Loan qualification standards measure whether or not you can afford a loan. By adhering to them, the lenders both lower the default rates and have some assurance the loans they make will be repaid, while borrowers avoid getting into situations where foreclosure is all but certain. Lest you misunderstand, this is a good thing for both the lenders and the borrowers. It isn't like the lenders want to stand there like the Black Knight shouting "None Shall Pass!" They want to loan money - that's how they make profit. But unless you live in a cave, you may have heard of some problems with defaulted home loans of late. You may have heard they're a major problem for both the lenders and the borrowers. Guess what? They are.

From the lender's standpoint, of course, the important thing is that they prevent loaning money to people who can't afford to repay the loan, but the other isn't a trivial concern. Even if they get every penny back when they foreclose, foreclosures are still bad business, with negative impacts on cash available to lend, regulatory scrutiny, and not least important, business reputation.

Going through foreclosure is no fun from a borrower standpoint either. I don't think I have ever seen or even heard of a situation where somebody ended up better off from having gone through foreclosure than they would have been if the lender had just denied the loan in the first place. So whether you like it or not, the lenders are doing you a favor to decline your loan when you're not qualified.

There are many loan qualification standards, but the two most important ones are debt to income ratio, often abbreviated DTI, and loan to value ratio, often abbreviated LTV. The first of these is much more important than the second, but both are part of every single loan.

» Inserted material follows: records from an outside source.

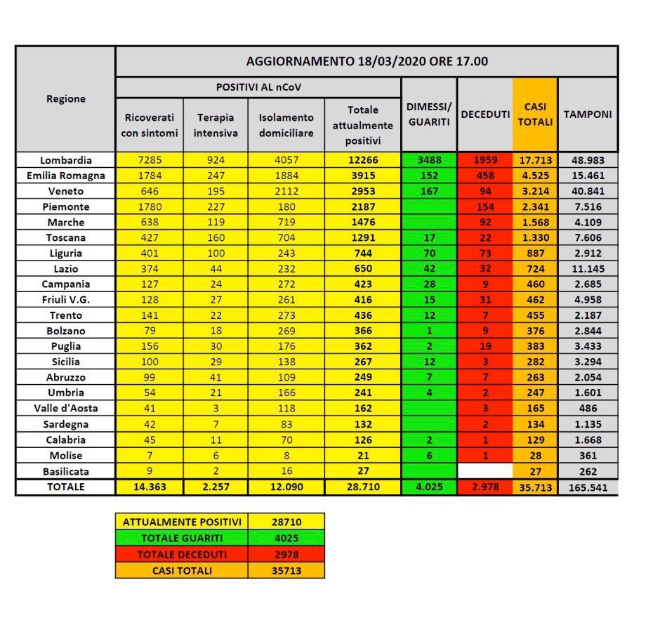 🚨🚨🚨إيطاليا ترصد 1247 حالة جديدة مصابة بالفيروس و36 حالة وفاة جديدة.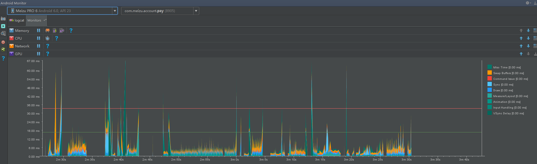 - Measure/Layout:表示布局的onMeasure与onLayout所花费的时间,一旦时间过长,就需要仔细检查自己的布局是不是存在严重的性能问题。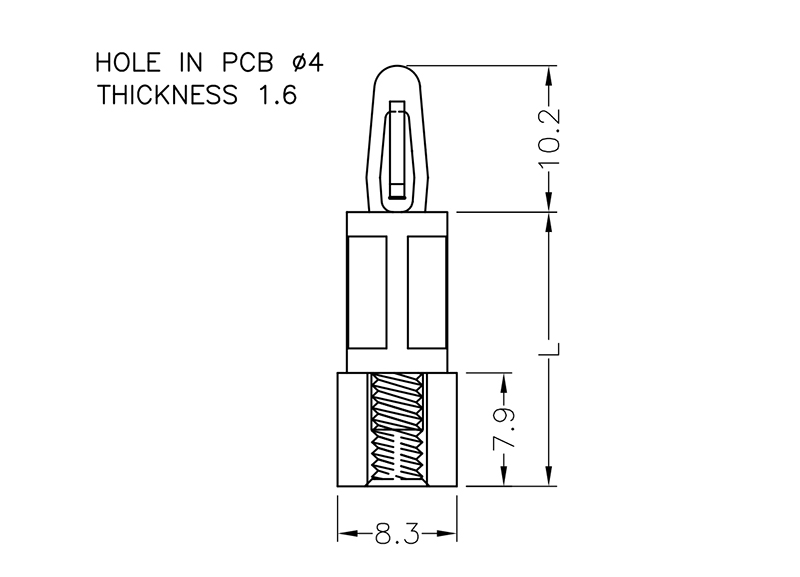 Female 6-32 UNC threaded snap lock PCB support. Bayonet top fits 4 mm panel hole. Spacer length is 25.4 mm.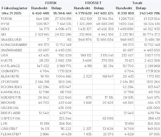 Omsetningen av ferskt råstoff i uke 21 utgjorde 96 millioner kroner, ned fra 142 millioner kroner uka før. Torsken var størst i verdi, fulgt av sei, kongekrabbe, hyse, snøkrabbe og reke til verdi henholdsvis 28, 26, 13, 8, 4 og 4 millioner kroner, og for øvrig slik det framgår av tabell 1.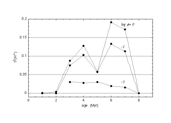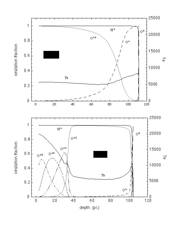 Figure 3 illustrates this more clearly. It shows the hydrogen and oxygen ionization (thin lines) and the temperature (thick line) structures at 2 Myr (upper panel) and at 3 Myr (lower panel). At 2 Myr, the structure is that of a typical nebula ionized by OB stars, with an inner large O+2 zone and an outer smaller O+ zone; the outer zone is somewhat hotter because the ionization there is produced by the higher energy photons that see lower absorption cross-section and thus a longer mean free path. The mean temperature does not change much, staying relatively low between 6000 K and 8000 K; thus both the H+ and the O+2 are sampling much the same temperature, and t2 is small.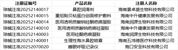 根據(jù)海南省藥品監(jiān)督管理局2025年1-3月發(fā)布的醫(yī)療器械注冊(cè)數(shù)據(jù),共新增7個(gè)第二類醫(yī)療器械注冊(cè)證,涉及5家注冊(cè)人企業(yè)。

Debt to Income ratio is a measurement of how well your monthly income covers your monthly payments. It is measured in the form of a percentage of your gross monthly pay, averaged over about the last two years. The permissible number can change somewhat depending upon credit score in some situations, and with enough in the way of assets in others, but the basic idea is you can afford to be paying out 43 to 45 percent of your monthly income in the form of fixed expenses - housing and consumer debt service. You can cancel cable or broadband internet, you can cancel your movie club or book of the month - but the items debt to income are concerned with are essentially fixed by your situation. You owe $X on student loans, and you're required to repay so many dollars per month. Your mortgage payment is this, your pro-rated property taxes are that, your homeowners insurance and car payments and credit cars are these others. There's no possibility of this money suddenly disappearing - you already owe it, and you are obligated to repay on thus and such a schedule.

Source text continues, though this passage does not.